When trying to convey information to the largest possible audience, it is almost always wise to keep things simple. Keeping that maxim in mind, the next task to is to work on page layout. This aspect of page design is important and should not be an afterthought.
Numerous people make their livings designing book covers, magazine covers, and the layout for stories in magazines. One of the primary tasks of webdesigners is to work on page layout. How should you organize the material on your page so as to present it in the best manner?
If your page is long, consider providing a table of contents at the top, or at least provide a summary of what the page provides. Furthermore, layout is not a secondary concern. Too many pages on the web consist of bits and pieces merely thrown together ... a link here, a paragraph there, a banner here, here another random graphic. Or, you think you've found the perfect background graphic? Maybe you just *have* to use your favorite colors for text and links! Consider the following before doing so.

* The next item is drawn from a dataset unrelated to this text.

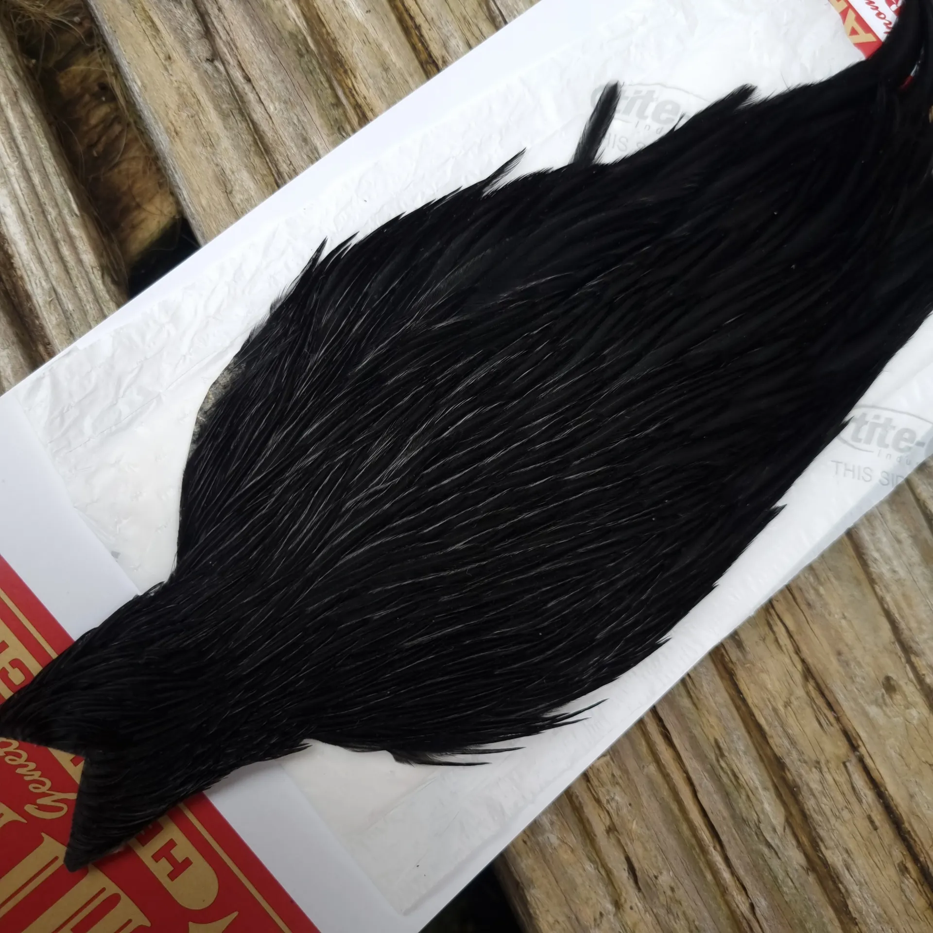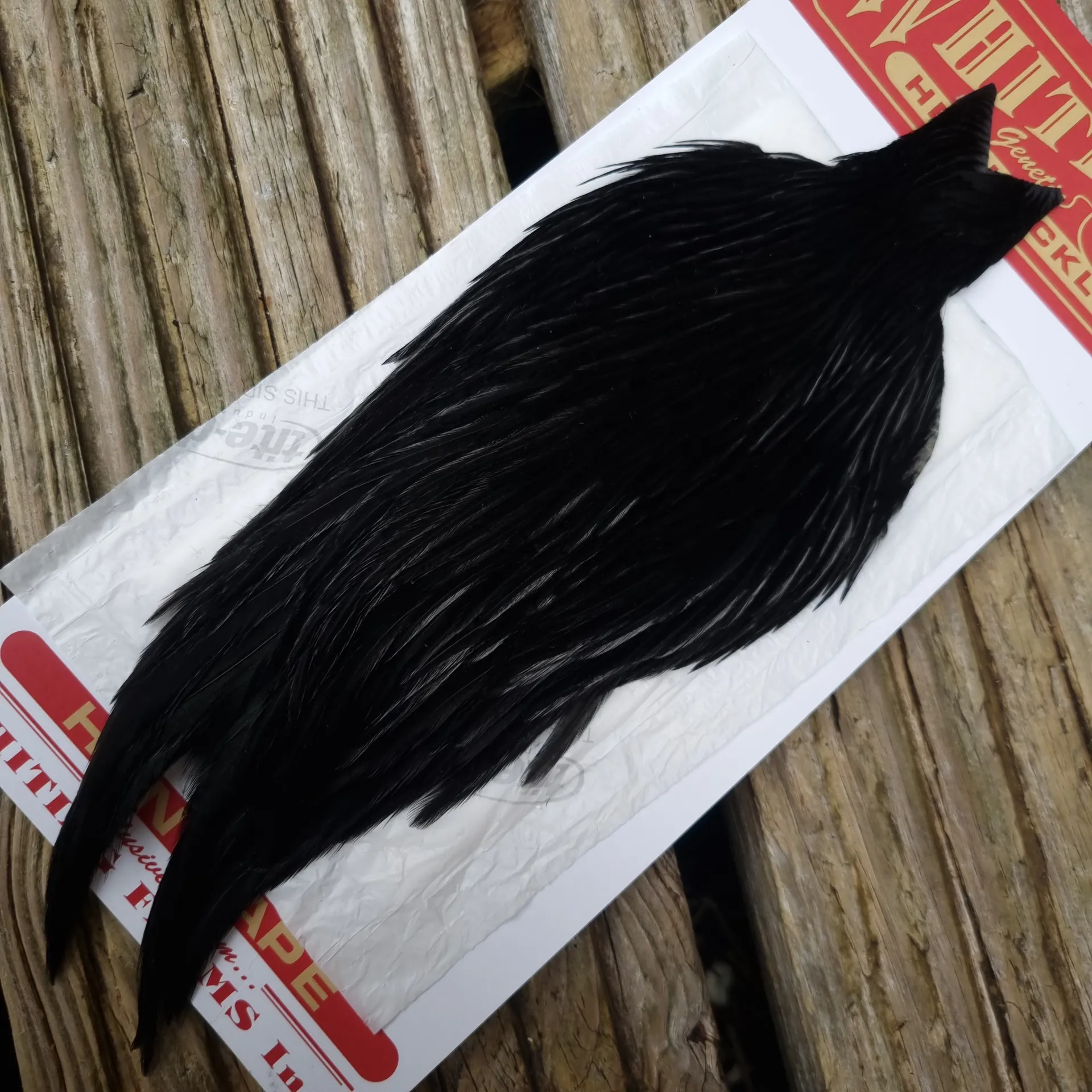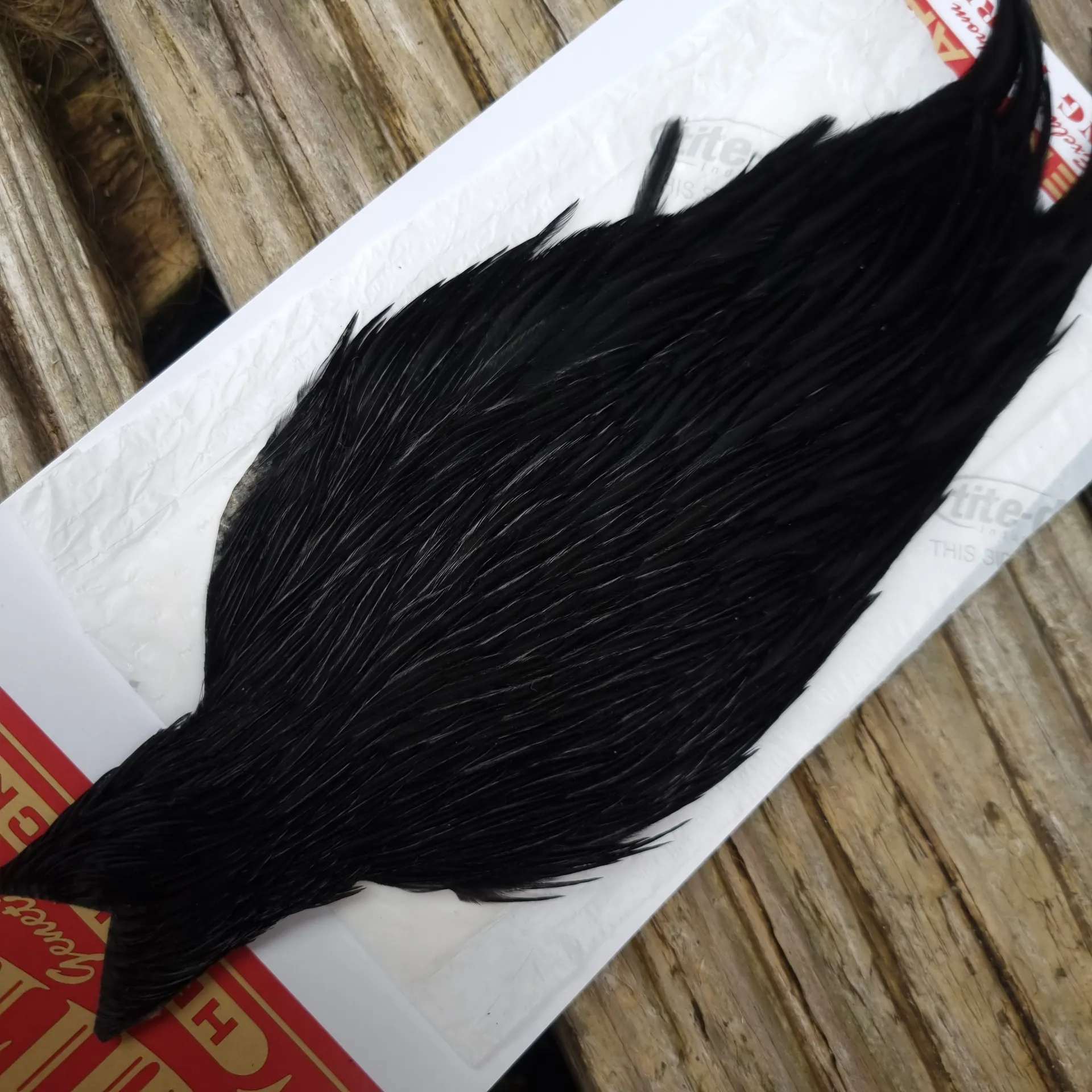 Whiting Hen Capes in DYED BLACK are a must for any fly tier tying wet flies and these Whiting Hen Capes are perfect for palmering. Whiting Dying is very consistent with very little variation and with black they are all basically the same but cape size will change a little so YES THIS IS A BUY WHAT YOU SEE PRODUCT RANGE!!!!

You've created your page so that others can and will view it, and they'll only bother doing so if they can find what they want. For that reason, organize your material reasonably. Second, garish background graphics, while interesting to the page creator, can make pages hard to read for viewers. They are eye-candy and can distract. Maybe you can edit that graphic and just have it run down the left-hand side of the page, providing a little freshness to the page while keeping it easy on your viewers' eyes. Furthermore, be careful before you override the basic text and link colors on a page; people have gotten used to certain colors having a certain meaning on a page, so unless you have a good reason, it is best to not not change the default colors that much.
Place related material together on a page, and if you have a lot of content, consider using multiple pages. Remember that if a page is too long, people probably won't bother reading the whole page. Who wants to have to read all the way to the bottom to find one lousy link?
Images can be placed either to the right or left, or in the center.
A template is a bare-bones, pre-made layout. Once you have decided how you want your page to look, keep that in mind and use it for most of your pages. It is useful to create a template page that has "everything but the content" provided. Then, all you have to do is "copy and paste" the content and save the new file. This makes the job of creating new pages a piece of cake.
Tables are for tabular information, such as data from experiments, verb charts, survey results, etc. However, HTML was never meant as a page layout language, and as a result its capabilities as such are quite weak. For this reason, the use of tables to aid in layout has become common, and if done tastefully, is a suitable way to put your page together.
Tables consist of rows and columns. Table cells then occupy one or more rows and columns. A common use for tables in webdesign is to provide a left-hand (or right-hand) column for a navigation menu. A straight two-column layout can simulate a newspaper, and this site uses a table to provide white space around the page text.
Hence, one way to use tables to organize your page is to use a single table divided into one or more columns (and/or rows) containing the page content. Additionally, you can use tables within a page to organize information. This is naturally the case for tabular data, but it is also useful to lining up pictures and text, for example.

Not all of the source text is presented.